BEGIN DATA EXCERPT

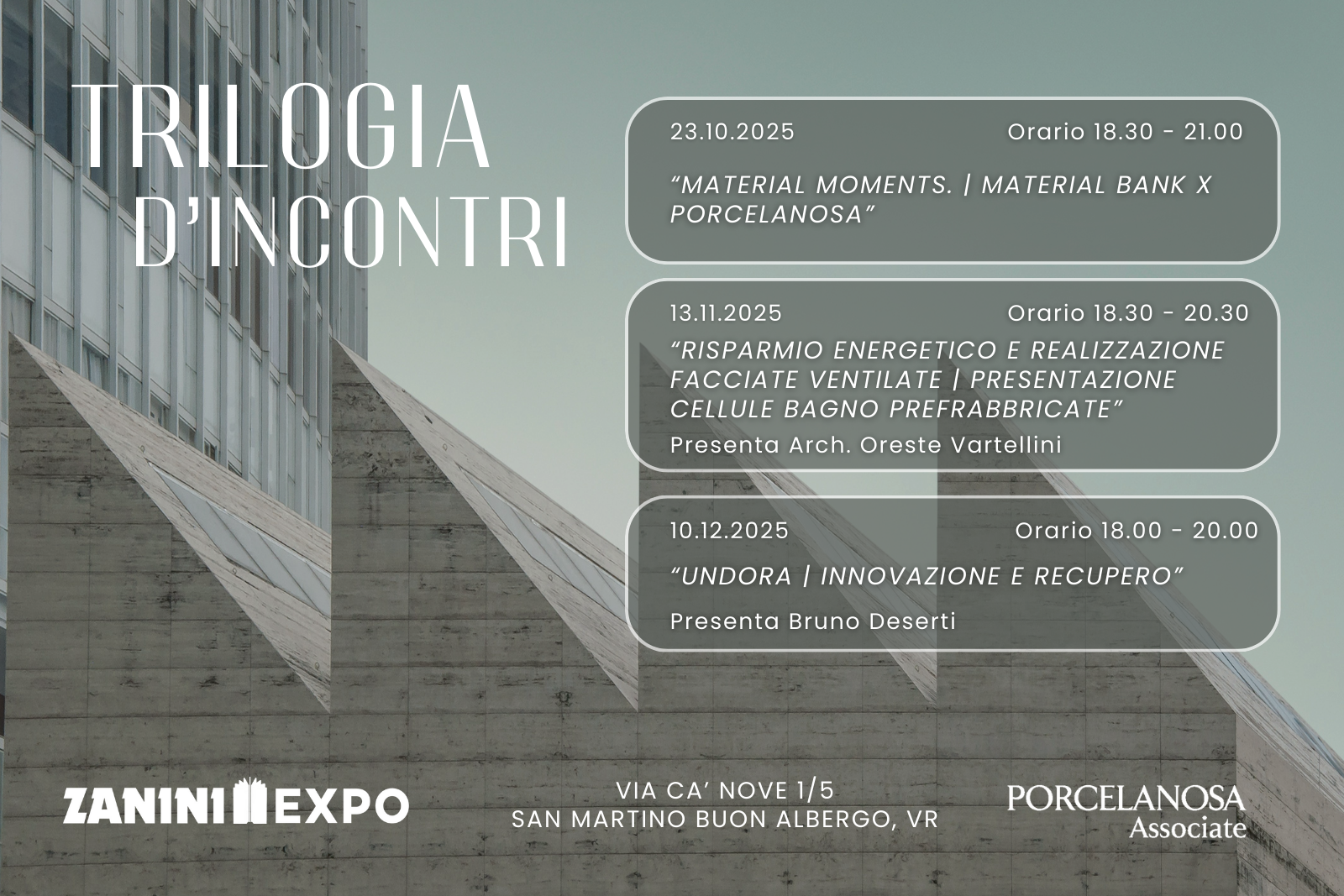 Zanini Expo, partner esclusivo di Porcelanosa Grupo, è lieto di presentare una serie di eventi e corsi di formazione dedicati ai professionisti del design e dell’architettura.
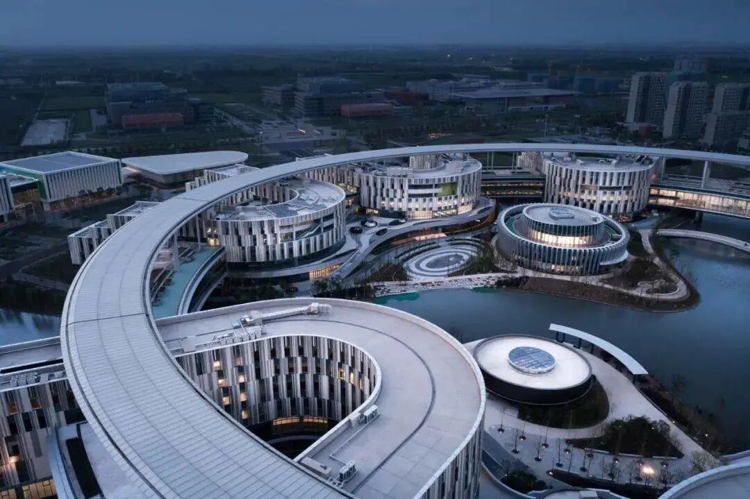 与传统的核心式、线性式、分叉式结构相比,这种超大尺度的环状结构可以串联起不同的功能空间,形成综合而扁平化的组合,实现「融合共生」的设计理念。
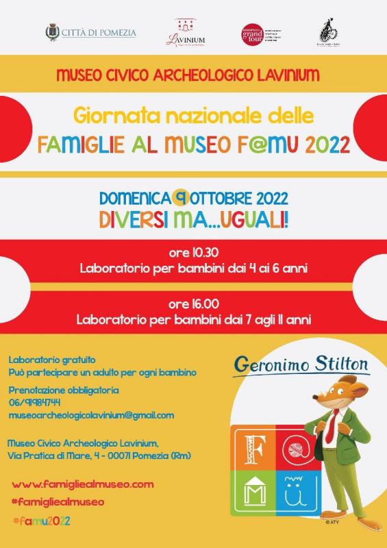 Anche quest’anno il Museo Civico Archeologico Lavinium partecipa a F@Mu 2022 e vi invita domenica 9 ottobre a festeggiare la Giornata nazionale delle Famiglie al Museo partecipando al laboratorio didattico “Diversi ma...uguali”, con l’obiettivo di sostenere la diversità come valore e strumento unico di arricchimento sociale e di inclusione.

END DATA EXCERPT

**GOAL OF THE EXERCISE:**
Would you output the data above exactly as written, but with no images?

**RESULT FOR THIS EXERCISE:**
 Zanini Expo, partner esclusivo di Porcelanosa Grupo, è lieto di presentare una serie di eventi e corsi di formazione dedicati ai professionisti del design e dell’architettura.
 与传统的核心式、线性式、分叉式结构相比,这种超大尺度的环状结构可以串联起不同的功能空间,形成综合而扁平化的组合,实现「融合共生」的设计理念。
 Anche quest’anno il Museo Civico Archeologico Lavinium partecipa a F@Mu 2022 e vi invita domenica 9 ottobre a festeggiare la Giornata nazionale delle Famiglie al Museo partecipando al laboratorio didattico “Diversi ma...uguali”, con l’obiettivo di sostenere la diversità come valore e strumento unico di arricchimento sociale e di inclusione.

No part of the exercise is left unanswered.